If you look at the incidence rate between CWE-601 (Redirect) and CWE-611 (XXE) they are very close to each other. Incidence rate is counting the number of applications that had one or more instances of a vulnerability.
Fortify: CWE-601 (Redirect): 728 or 10.27% of applications tested CWE-611 (XXE): 693 or 9.78% of applications tested
Redirect and XXE were within .5% of each other.
Veracode: 2014 CWE-601 (Redirect): 2224 or 11.28%% of applications tested CWE-611 (XXE): 693 or 9.78% of applications tested
2015 CWE-601 (Redirect): 2755 or 8.80% of applications tested CWE-611 (XXE): 2570 or 8.21% of applications tested
2016 CWE-601 (Redirect): 3146 or 6.80% of applications tested CWE-611 (XXE): 4641 or 10.03% of applications tested
Veracode is showing Redirect incidence rate dropping by half and XXE climbing. In 2016 almost half again more applications had XXE than were found with Redirect.
Overall, the data shows 8.8% (10050) of applications with Redirect and 8.36% (9557) of applications with XXE. That's less than .5% difference over 100k+ applications.

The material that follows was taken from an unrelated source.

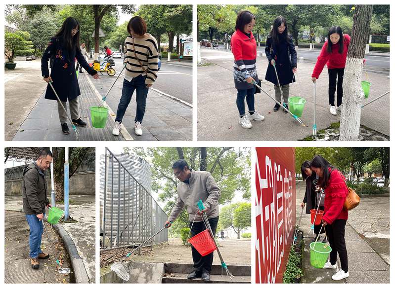 在活动中,党员们不怕脏,不怕累,手持垃圾钳、垃圾筐等工具,徒步经过育才校区主干道、南门,育才路等,捡拾绿化带及道路两旁的烟头、果皮、塑料袋等垃圾。大家干劲十足,认真细致地检查每处地方,不放过任何一个烟头纸屑。树下、路面缝隙里是烟头聚集的重灾区,在树下一个不到一平米的区域内,党员们就在草丛里清理出十几个烟头。不到半个小时,每个人的垃圾筐中都已“战果累累”,清洁区域也焕然一新。

So we also took into account that redirect is well known and XXE isn't as much. In the data, 75% of the contributors found Redirect (CWE-601) and only 46% found XXE (CWE-611).
Keep in mind that incidence rate is only part of the overall equation. With detectability similar, and both Exploitability and Impact are higher for XXE, XXE is ranked higher.
kerberosmansour
commented
6 years ago Thanks @infosecdad, as @vanderaj suggested can Open Redirects be mention elsewhere in the top ten? I have looked at the average number to incidents per app, but I did not see the calculations for Exploitability and Impact.
infosecdad
commented
6 years ago Open Redirects are now mentioned in the +RF page as things that are important to consider but not currently part of the Top 10.
kerberosmansour
commented
6 years ago Thank you @infosecdad
I (and a few of my peers) have serious concerns with this issue going away, this has a major impact for online fraud. My biggest fear is that AppSec engineers in large organisations will need to move away from the OWASP top ten as a best practice in order to keep Unvalidated Redirects and Forwards as an issue developers need protect against. I have seen organisations already switch to https://cwe.mitre.org/top25/ & if PCI or another compliance institutions no longer finds the OWASP top 10 suitable as a best practice it might be removed from the references, and it starts be auditors noticing OWASP top ten being used less and less.
I do not know what the data is telling us, but keep in mind we should be the collective wisdom of AppSec, if the know the data we have collected is imperfect the guidance should be adjusted with the wisdom & consent of the community to reflect that.